If you’re dreaming of buying an existing business, you may have already considered finding out how to get a business acquisition loan. While applying for a business loan may be intimidating, we’ve got all the information you need to get started in our guide to financing your next business acquisition.
The Many Benefits of Buying an Existing Business
Whether you have a specific industry in mind or just a general idea of your ideal business, finding companies for sale can be extremely beneficial. Here are some reasons why you might want to buy an existing business:
This is arguably one of the biggest reasons for buying an existing business: You don’t have to start from scratch; you get to use what’s already there.
Buying an established company is your quickest way to jump into whatever industry you want without having to build your own reputation and brand from scratch.
If you’re buying an established company, it probably already has a solid foundation, which will make it easier for you to take your business to new heights.
You Get a Ready-Made Customer Base
If you’re buying a company that already has customers, chances are good that those people will stick around—and maybe even grow with you over time.
It might be easier for you to find financing to buy an established company than it would be for you to launch your own brand from scratch.
There are a number of different ways that you can go about finding businesses for sale. Take your time, conduct your research and consider all of your options before moving forward. Ultimately, you want to find a company that fits your skills and personality. If it doesn’t feel right, don’t force it – there will be other opportunities down the road.
Are There Any Different Types of Loans for Buying a Business?
There are no regulations on what sort of finance options you can use when purchasing or selling a business. The nature of your transaction and your own financial situation will ultimately dictate which finance options are available to you. For instance:
Business Acquisition Loans
The most common way for small business owners to finance buying a competitor or starting up is through what’s called a business acquisition loan. These loans allow you to borrow against your future earnings.
These loans are there for you to use as much or as little of your assets (vehicles, buildings, equipment, and other items with equity value) as collateral for your loan.
If you have enough collateral, asset-based lenders may be willing to approve you for a larger amount at lower interest rates than those offered by banks and credit unions. This is helpful if you’re trying to buy something that costs more than what they consider a normal amount.
Business Lines of Credit
For small businesses that operate in just one location and have low overhead, business lines of credit are often available through your bank or community lender for as little as $5,000.
Funding your acquisition can be complex. But there are plenty of options for aspiring business owners, including federal loans.

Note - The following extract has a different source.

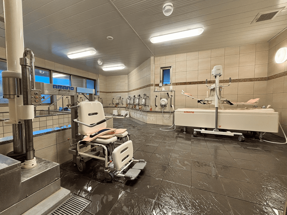施設利用者用の大浴場には、座ったまま浴槽へ移動して入浴できるリフトチェアや、寝ている姿勢のまま入浴可能なストレッチャータイプの特殊浴槽を導入。なお、特殊浴槽は今年度中に最新式のものへと更新する予定とか。これらの機器を用いることで、利用者の身体への負担を減らすだけではなく、職員が腰をかがめた無理な体勢で入浴介助をしないことで、腰痛対策や労務環境の改善に寄与しています。

According to Lantern Credit, “There is a wide range of loans offered by the Small business Administration (SBA), including the SBA 7(a) loan.” If you plan to fund your acquisition with debt, make sure you have enough cash flow from operations to service that debt.
If you’re interested in buying a start-up company with no revenue or assets, it would likely be difficult to get financing through traditional banking sources. So first, you should learn how to get a business acquisition loan.
Also, speak with a bank or other lenders before jumping into your transaction. They can help you with ways to increase your chances of getting approved.